Male Rosenberg’s Monitor: New Cooperative Nest-Building & Guarding Behavior
I remain awed by the learning abilities and complex behaviors evidenced by the Water and Lace Monitors I cared for at various zoos…spend time with any species and you’ll quickly see why. Despite being popular study subjects, monitors are constantly surprising us. For example, the current issue of The Journal of Herpetology (V44, N3, Sept 2010) documents an entirely new behavior for any monitor species – cooperative nest building and nest guarding in Rosenberg’s Monitor (Varanus rosenbergi).
Nest Defense by both Sexes
A 16-year-long study of this species on Australia’s Kangaroo Island has revealed that females guard their nest sites for up to 3 weeks after egg deposition, a behavior that has not been documented for any other monitor (3 species, including the Komodo Dragon, may return to the nest site on occasion, but seem not to remain nearby). Amazingly, in 8 instances a male joined the female in protecting the eggs.
Other Rosenberg’s Monitors are the primary threat to eggs.

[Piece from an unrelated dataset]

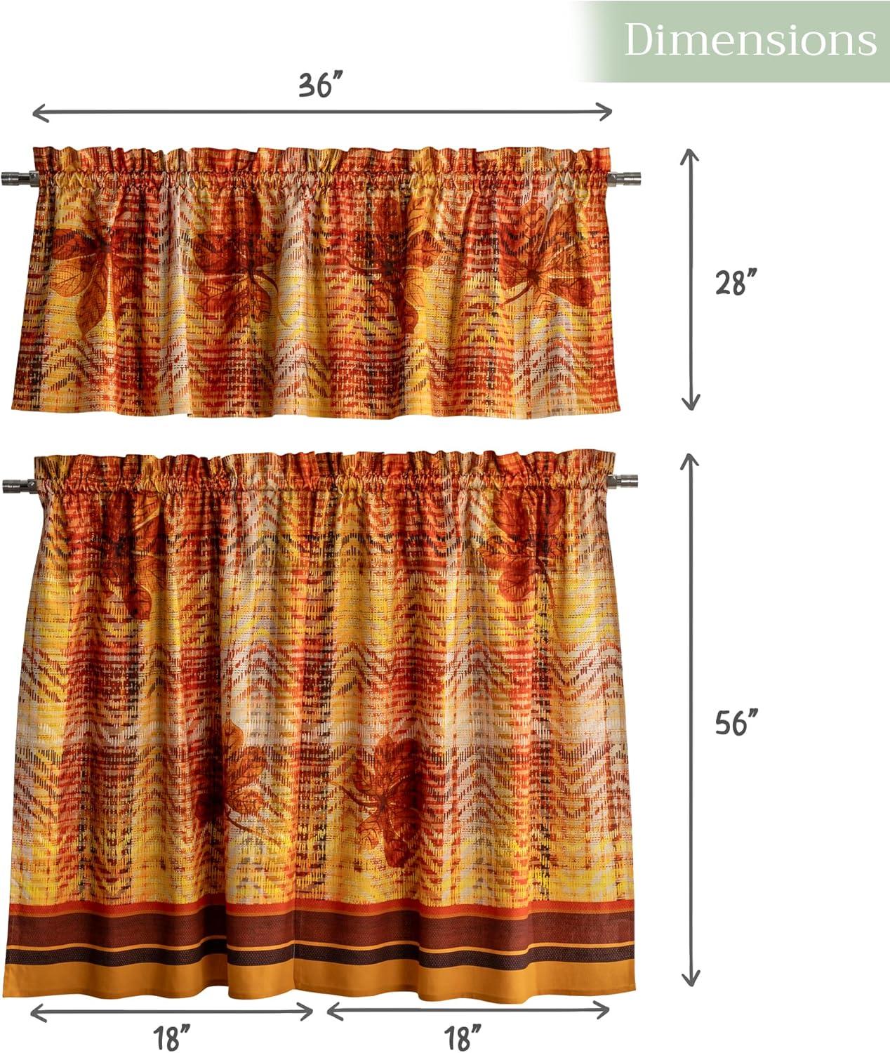 Set includes: 2 tier curtains (28 x 36 inches each) and 1 matching valance (56 x 18 inches). This elegant kitchen curtain set adds both charm and privacy to your space. Designed in Europe and Made in India, it offers a perfect balance of function and style

Females guarding nests attacked male intruders twice their own weight, and repelled them in most cases. The vicious fights that ensued frequently left both combatants with deep wounds and broken ribs and limbs. In those cases where males were also on guard duty, they too joined in the frays, but females were clearly the more aggressive of the pairs.
Cooperative Nest Construction
Female Rosenberg’s Monitors exclusively chose termite mounds as nest sites. In occupied mounds, the resident termites usually closed the nest entrance hole within 3-5 hours after egg deposition. If they did not, the female monitor finished the job.
In another unexpected turn of events, male monitors assisted females in covering nests on 5 occasions.